MEDYAALEMİ.COM.TR ÖZEL RÖPORTAJ / Elif Sevil Orhanlı
Türkiye farklı alanlarda çetin mücadelenin verildiği zor bir süreçten geçiyor. Önümüzde 2019 seçimleri var, siyasetin gündemi oldukça sıcak. FETÖ ile ve diğer terör örgütleriyle mücadele sürüyor. FETÖ dava süreci devam ediyor. Türkiye’nin içinde bulunduğu tabloyu nasıl değerlendiriyorsunuz?
Cem Küçük: Türkiye FETÖ ve PKK açısından iyi yerde. Mücadele sürüyor ve başarılı. 2019’a giderken partiler arası mücadele artacaktır. Bu da gayet normal. Ama içeriden ve dışarıdan Türkiye’yi zora sokmak için her şey yapılıyor. En son Zafer Çağlayan hakkında tutuklama çıkarılması bunla ilgili. Muhtemelen diğer eski bakanlar hakkında da tutuklama çıkarabilirler. Güçlü Türkiye olmasın diye her yol deneniyor.

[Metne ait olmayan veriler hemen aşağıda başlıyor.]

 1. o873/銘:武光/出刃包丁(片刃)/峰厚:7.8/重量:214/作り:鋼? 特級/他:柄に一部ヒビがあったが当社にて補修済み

2019 seçimlerine doğru siyasette tansiyon oldukça yüksek. Partilerin seçim hazırlıkları sürüyor. AK Partide ciddi bir değişimin adımları atılmaya başladı. Yeni partilerin siyaset sahnesine dahil olduğunu görüyoruz. Seçimlere kadar dengeler ne yönde değişir?

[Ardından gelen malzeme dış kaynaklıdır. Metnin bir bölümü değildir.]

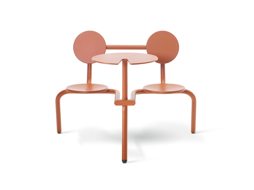Instead of sitting opposite each other, Bistroo invites people to sit side by side, allowing them to watch the surroundings together, as if in a bistro in Paris. The sturdy construction combines two seats and a table into a space-saving piece of bistro furniture. Standing firmly on only three legs, it grants guests more legroom and allows restaurant and bistro owners comparatively quick stacking. The double “o” in the product name refers to the two circular backrests.

Cem Küçük: Meral Akşener’in partisi kurulur ve siyasete dahil olur. Çok şey değişir mi 2019’a kadar bakmak lazım. En son referandum muhalefet için umut oldu. AK Parti’yi yenebiliriz umudundalar. Ayrıca hiç bilmediğimiz yeni isimler de ortaya çıkabilir.
Liderlerin kullandığı dili, üslubu nasıl buluyorsunuz?
Cem Küçük: Siyasette bazen sert dil olabilir. Ancak özellikle anamuhalefetin dili çok sert. Kontrollü darbe gibi FETÖ dilini kullanıyorlar. Bazı CHP vekilleri PKK’yı koruyor. Bunu anlamak mümkün değil.
Türkiye’de radyonun ve radyoculuğun hak ettiği yerde olduğunu düşünüyor musunuz?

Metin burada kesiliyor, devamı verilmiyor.